Three canopy management methods with different levels of mechanical intervention were applied with the objective of achieving similar and commercially marketable grape yields. The vineyard was under contract to produce 6.5 tons/acre at 24% TSS in 2008 and 2009, and 7.5 tons/acre at 25% TSS in 2010. The following treatments were imposed starting in 2008 and data collection commenced in 2009 to allow the vines to adjust to mechanical manipulation. HP treatment consisted of the conventional manual spur pruning with 36 to 40 buds per vine with no further canopy manipulation. Hand labor pass was conducted to tie any loose cordons and remove debris from the trellis. The mechanical prepruning with hand thinning treatment consisted of mechanically pruning the previous year’s canes to a bearing surface height of 8 inches in the dormant season with a 24-inch double, sprawl-pruner head (model 63700; Oxbo International, Kingsburg, CA) mounted onto tool carrier (model 1210, Oxbo International). Hand labor pass performed to remove any outlier shoots missed by the implement around posts and remove any debris in the canopy. At E–L growth stage 17, crop level was estimated as described by Kurtural and O’Daniel (2008), and the bearing surface was then manually adjusted to ≈85 shoots/vine to attain the same crop level as HP. The mechanical pruning with mechanical thinning treatment consisted of mechanically box-pruning the previous year’s canes to a bearing surface height of 4 inches in the dormant season with the above referenced implement. A hand labor pass was performed to remove any outlier shoots missed by the mechanical pruner and remove any debris in the canopy. At E–L growth stage 17, crop level was estimated and the bearing surface was mechanically adjusted to ≈85 shoots per vine with a rotary-paddle shoot thinner with a rotary brush attachment (model 62731, Oxbo International) to achieve the same crop level as HP.

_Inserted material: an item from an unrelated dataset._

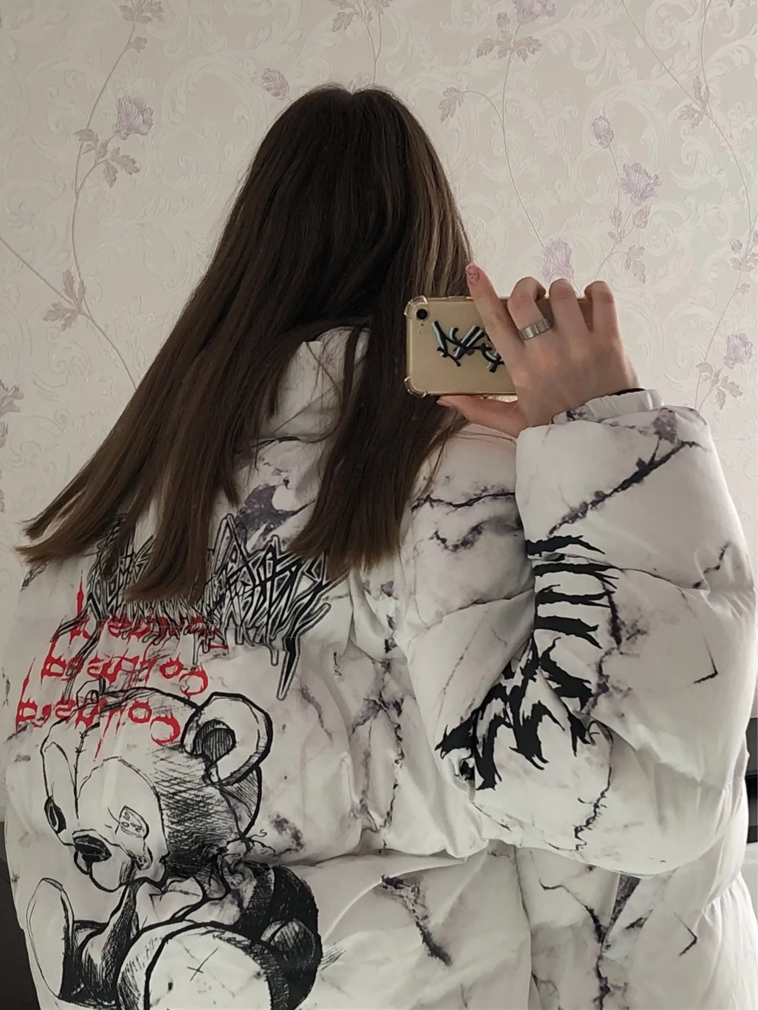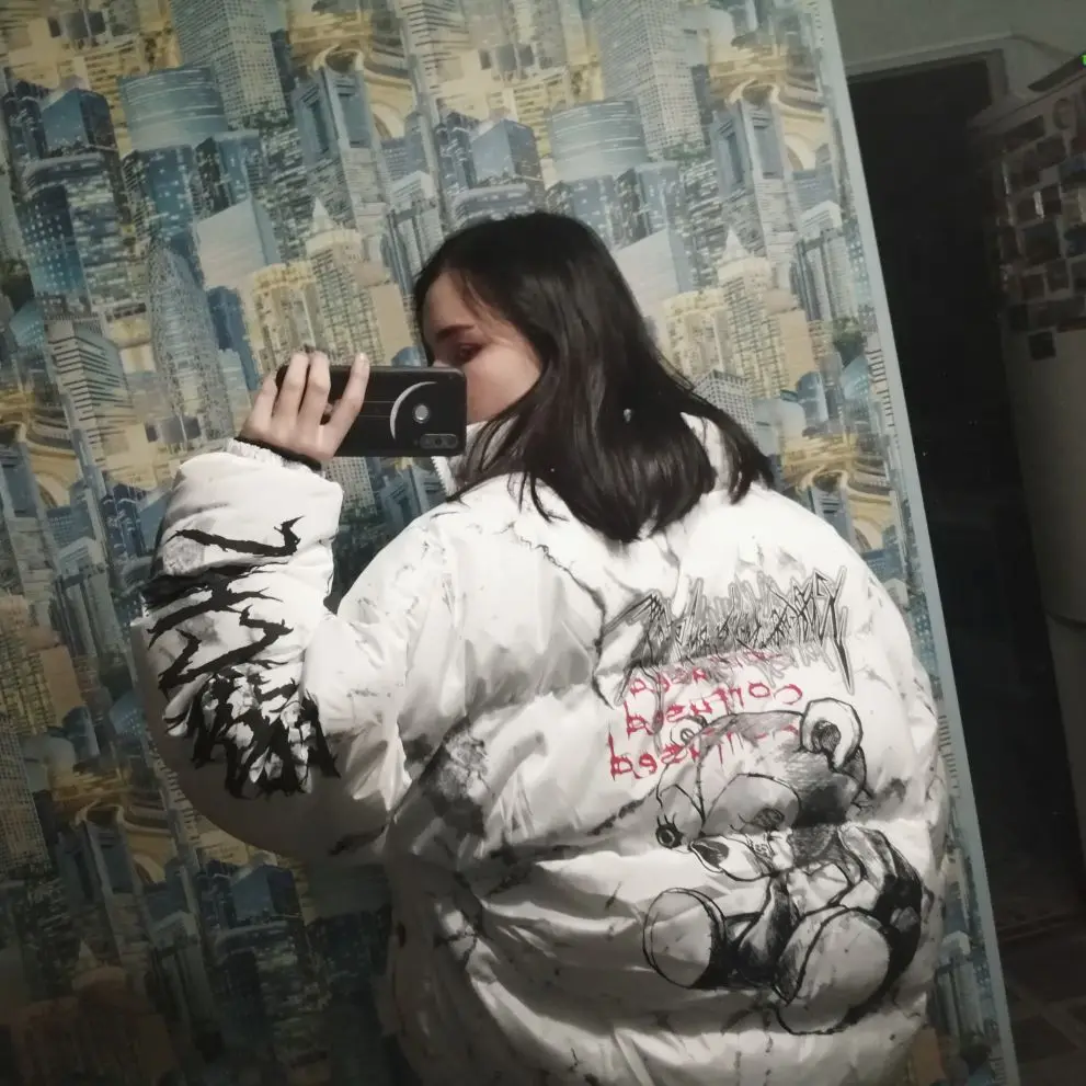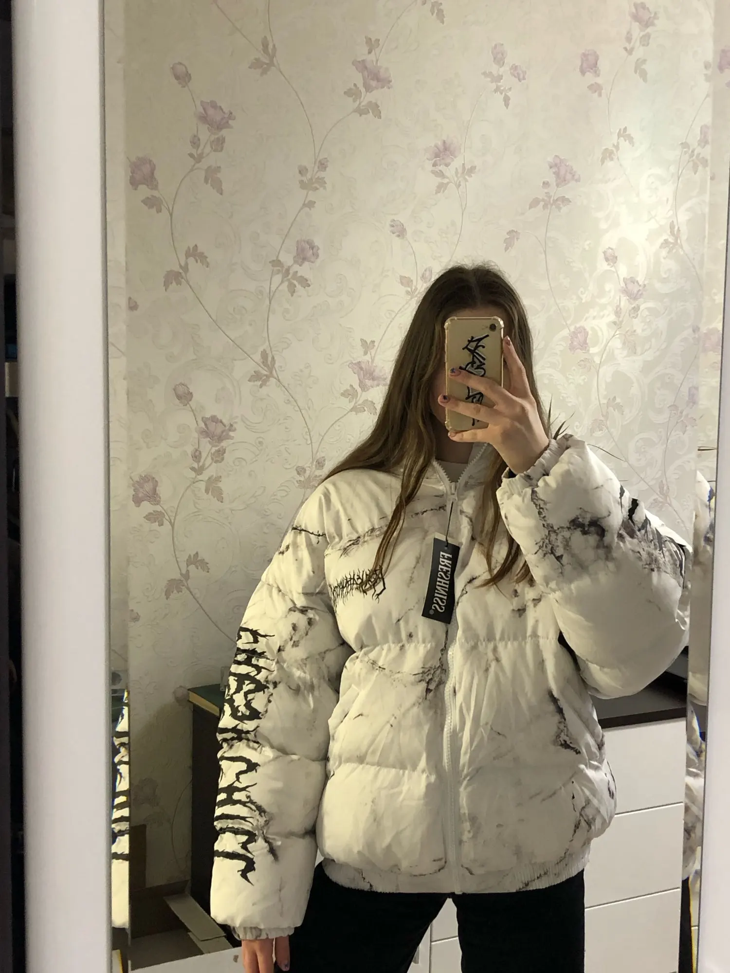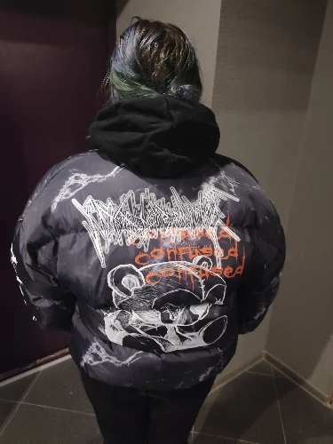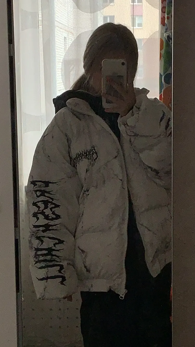 куртец 10/10, деньги уплочены не зря, куртец теплый качественный красивый, нитки не торчат, рисунок четкий крутяшный продавец долго не высылал куртку, но я ему написала, мы обкашляли вопросик и он отправил куртку на следующий день шла не особо долго, задержка была только из-за продавца заказала 12 февраля, забрала с почты 3 марта в общем советую не бояться и покупать главное угадать с размером я заказала L на рост 170 попу чуть чуть прикрывает рукава большие оверсайз не выгляжу как киборг убийца

Canopy and vine measurements.
Shoot numbers were measured 2 weeks after bud burst and after the application of canopy management treatments as described elsewhere (Terry and Kurtural, 2011). Total shoots per vine were counted by the addition of count shoots (borne from count positions >5 mm distal to the base of the bearing surface) and noncount shoots (borne from noncount positions <5 mm distal to the base of the bearing surface and secondary shoots). Indicators of canopy architecture measurements such as distance between shoots, leaf layers, and leafiness index were measured as described by Smart (1985).
A ceptometer (AccuPAR-80; Decagon Devices, Pullman, WA) was placed directly above cordon, within the fruiting zone parallel to the vine row at the head of each vine. There were four measurements taken with the ceptometer from 16 vines per experimental unit. Ambient readings were taken at a height of 2 ft above the canopy surface. The remaining three measurements were taken within the fruiting zone at the head of the vine. Measurements were taken at 1200 growing degree days at midday with PAR values ranging ≈1900 to 2200 μmol·m−2·s−1. The three fruiting zone PAR measurements were combined and expressed as the percentage of total ambient PAR measured at midday.
Leaf area per shoot and the canopy leaf area of the vine were determined at 50% veraison from 16 vines per experimental unit. Four shoots from the north and south sides of the canopy per vine for a total of eight shoots were sampled at random and stored at 36 °F at 98% humidity until measured. Each shoot was separated into main and lateral axes. The number of leaves per axis was counted, and leaf area was measured with a leaf area meter (LI-3000; LI-COR, Lincoln, NE). The canopy leaf area per vine was then determined as described by Keller et al. (2008).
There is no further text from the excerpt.